- Scientific career
- Fields: Ecology, evolutionary biology
- Institutions: University of Michigan
- Website: lsa.umich.edu/eeb/people/faculty/knowlesl.html

= Lacey Knowles =

American ecologist and evolutionary biologist

L. Lacey Knowles is an ecologist and evolutionary biologist known for her work with speciation, sexual selection, phylogeography, and evolutionary radiation.

== Career ==
Knowles is an ecologist and evolutionary biologist known for her work with speciation, sexual selection, phylogeography, and evolutionary radiation.

Knowles received her Ph.D. in Ecology and Evolution from the State University of New York at Stony Brook and had a Postdoctoral Fellowship in the Department of Ecology and Evolutionary Biology at the University of Arizona.As of 2012, she is a professor at the University of Michigan and the curator of insects at the university's museum of zoology.
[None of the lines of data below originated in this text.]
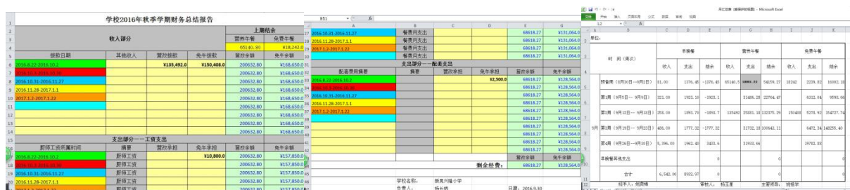
图 18 现金流量账组图
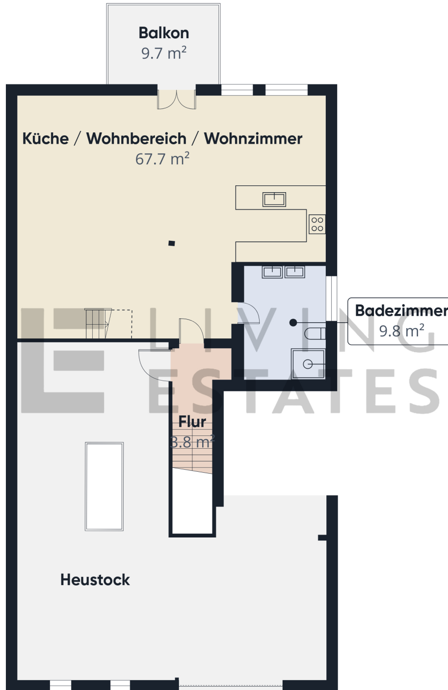
Etage 1 Gebäude 3
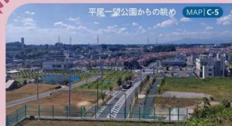
平尾一望公園からの眺め MAP|C-5
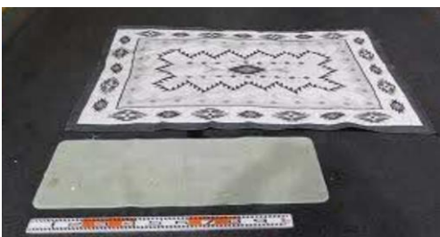
カーペット (粗大ごみとして分別してください)

焼却炉が停止すると、復旧のために多くの費用や日数がかかるだけでなく、ごみの収集が遅れる原因にもなります。ごみを出す前の適正な分別が重要です。区民・事業者の皆さまのご協力をお願いいたします。

She has been an elected member of the councils for the Society for the Study of Evolution and the Society of Systematic Biology. Knowles has also served as an associate editor of scientific journals such as Evolution, Molecular Ecology, Systematic Biology, and Heredity. She is the author of Estimating Species Trees: Practical and Theoretical Aspects.

== Awards ==

- In 2023, Knowles was elected a Fellow of the American Association for the Advancement of Science.